→ Source data:
════════════════

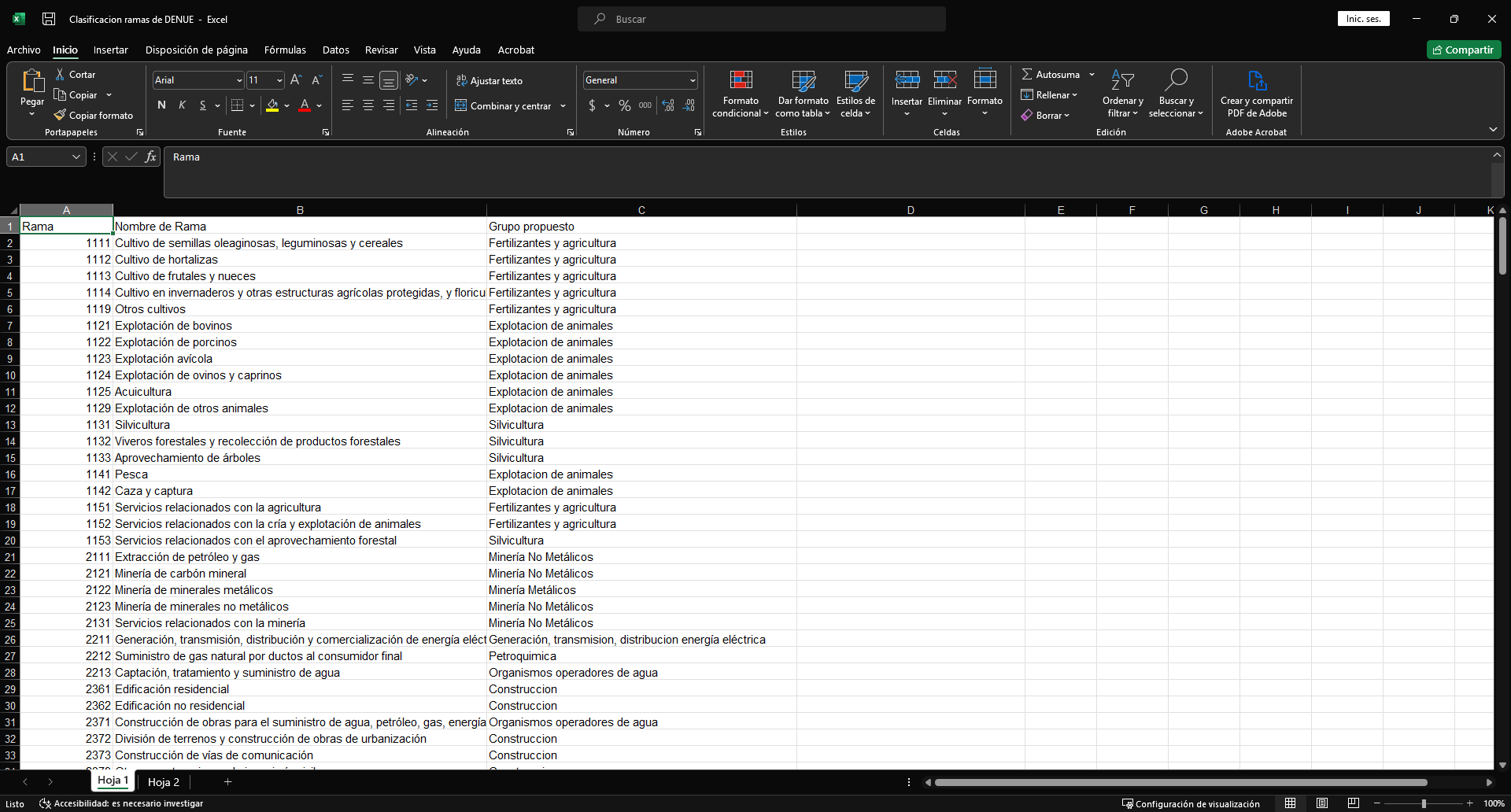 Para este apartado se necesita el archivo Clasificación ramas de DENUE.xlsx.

════════════════

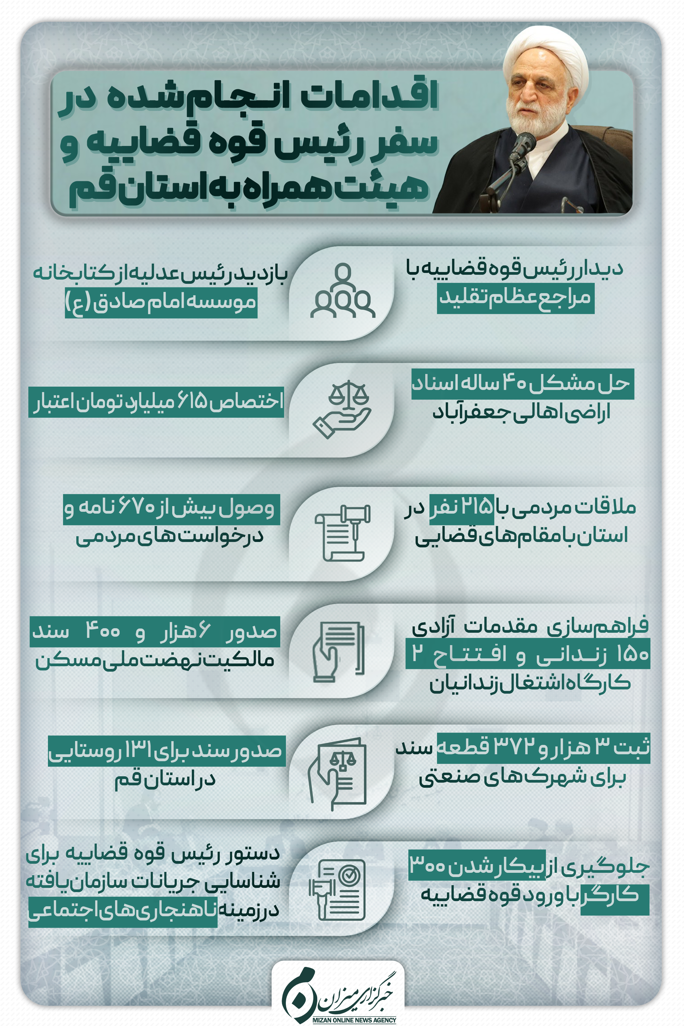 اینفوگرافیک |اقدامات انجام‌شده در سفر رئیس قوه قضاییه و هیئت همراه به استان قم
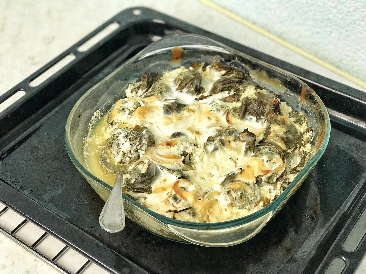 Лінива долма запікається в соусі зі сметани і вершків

════════════════

→ Exercise:
Reproduce, word for word, everything in the listing above from the line containing "اینفوگرافیک |اقدامات انجام‌شده" down to the line containing "Лінива долма запікається", both of them included. No pictures.

→ Response area:
 اینفوگرافیک |اقدامات انجام‌شده در سفر رئیس قوه قضاییه و هیئت همراه به استان قم
 Лінива долма запікається в соусі зі сметани і вершків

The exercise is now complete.